When detecting a touch-up, the final displacement vector
\(\overrightarrow{SP_N}\) determines the flick direction. The maximum of inner products with
\(\vec{d_i}=(-1, 0)^T\),
\(\vec{d_u}=(0, -1)^T\),
\(\vec{d_e}=(1, 0)^T\), and
\(\vec{d_o}=(0, 1)^T\) determines a kana to enter.
6 Discussion
Considering the CPMs, EPCs, SUS scores, and subjective comments, KeypadFlick on smartwatches had too small keys to operate, though its precise touch detection enabled fast typing. PonDeFlick and PonDeSlide had larger keys in a wider area, making their operation easier. The results with the different key sizes of KeypadFlick and our original interfaces match the finding of the SwipeKey work that the error rate increases drastically if the button size is smaller than 5.7 mm x 5.7 mm [
27]. Comparing the two variations, we consider that PonDeSlide’s slide gesture that determines a kana by where to touch up forced the user to operate it more carefully than PonDeFlick. PonDeFlick’s flick gesture alleviated the need for carefulness and enabled faster typing than PonDeSlide.
PonDeFlick can be viewed as an application of the marking menu with four flick directions to an annular key layout, whereas PonDeSlide is a linear menu.

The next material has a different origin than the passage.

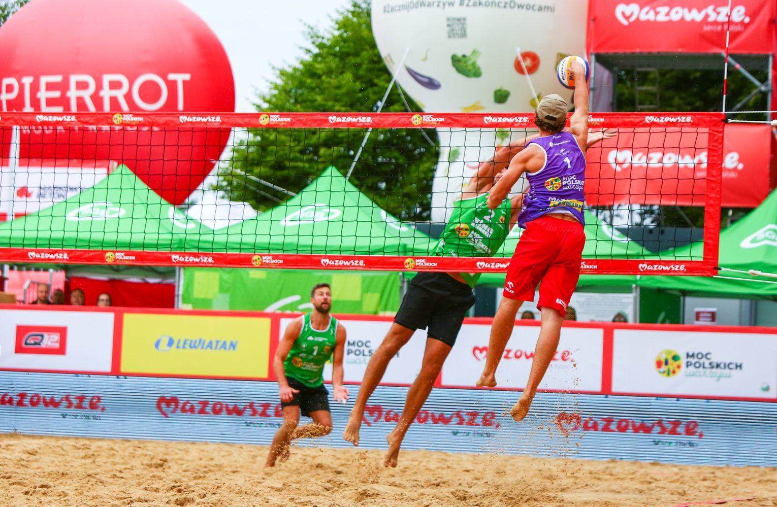 – Trochę przypomniały się stare czasy, szczególnie wstawanie w pośpiechu, szybkie śniadania i pierwszy mecz już o dziewiątej rano – mówi Michał Kubiak, mistrz Europy w siatkówce plażowej z 2004 roku. – Dla nas ważny był aspekt charytatywny tego turnieju, chcieliśmy się włączyć w pomaganie – dodał Łukasz Kaczmarek, mistrz świata juniorów w plażówce z 2011 roku. – Poziom organizacji tutaj w Przysusze jest bardzo wysoki, co roku coraz lepszy, naprawdę czapki z głów dla organizatorów. Obaj nasi utytułowani siatkarze zapytani, jakie warzywa i owoce mogliby jeść do końca życia – turniej wspiera Moc Polskich Warzyw – postawili na... maliny, borówki i paprykę.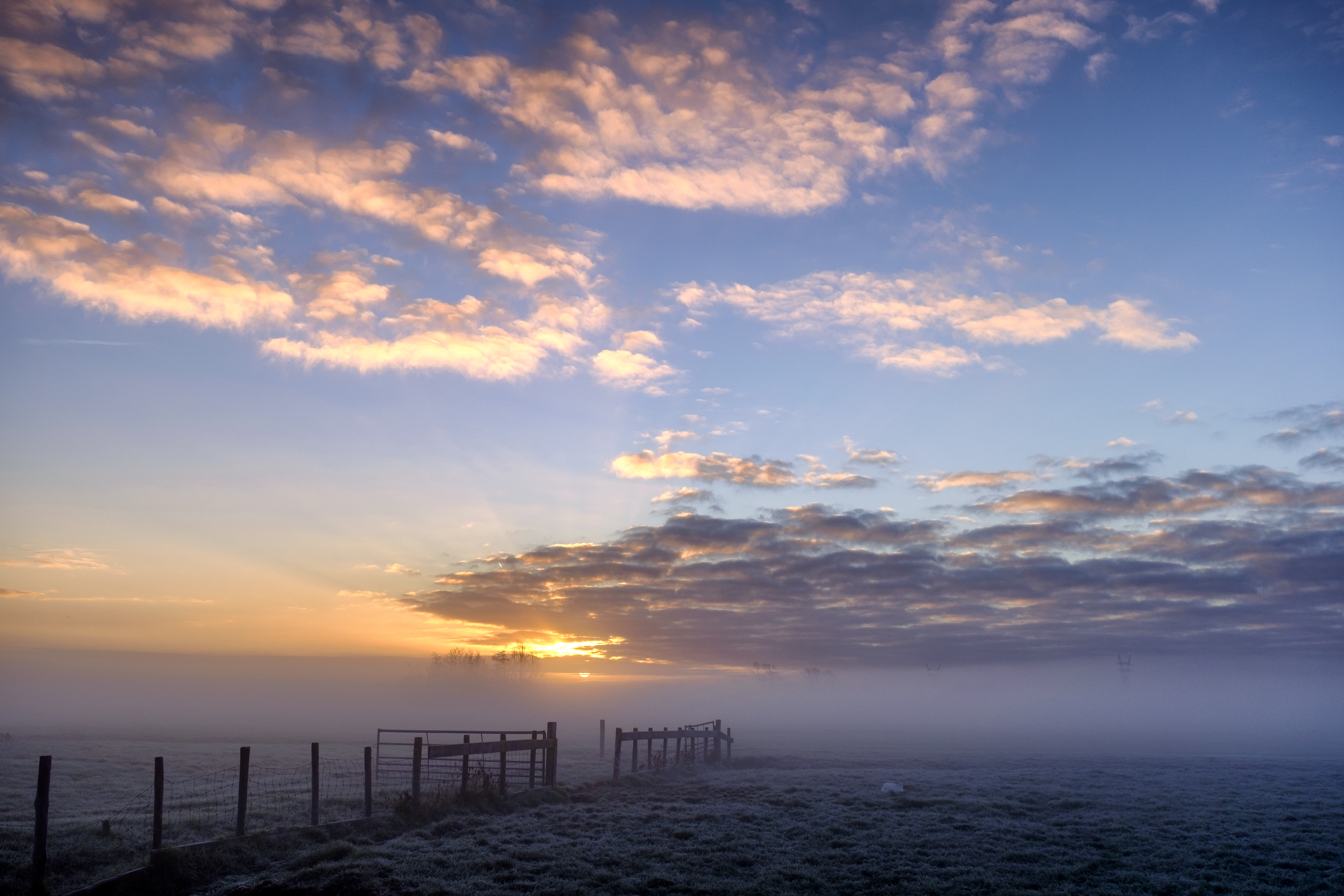 Genomen in de velden buiten Leiderdorp begin december. Vrieskou en mist, in combinatie met een paar wolkjes maakten een spectaculaire zonsopkomst.

Regarding comparing the marking and linear menus, a paper reported experiments on learning with a grid-based marking menu (M3 Gesture Menu), a multi-stroke marking menu, and a linear menu on a smartphone [
35]. The experimental results exhibited that the users of the two marking menus got much faster after three ten-minute practice sessions, whereas those of the linear menu did not. Our experimental results showed the same tendency on a small smartwatch touchscreen. In the experiment, PonDeFlick showed that the speed of flicking made up for the extra time to slide toward the center. This finding might apply to a more general menu interface on a small surface. Commonalizing flick operations with users’ familiar interface can benefit easy operation, even if the key layout differs. In other words, the flick operations can be designed separately from the key layout to some extent.
A limitation of this study is a potential issue that the CPM of the PonDeFlick might not reach stable performance in the 10-day experiment. The experimental period should be longer to obtain stable performance in the long run. Another limitation is that we have not proposed a solution for square-face smartwatches. However, even if the key layout differs from PonDeFlick, it is probably effective to commonalize the flick directions with the numeric-keypad-based text entry on smartphones.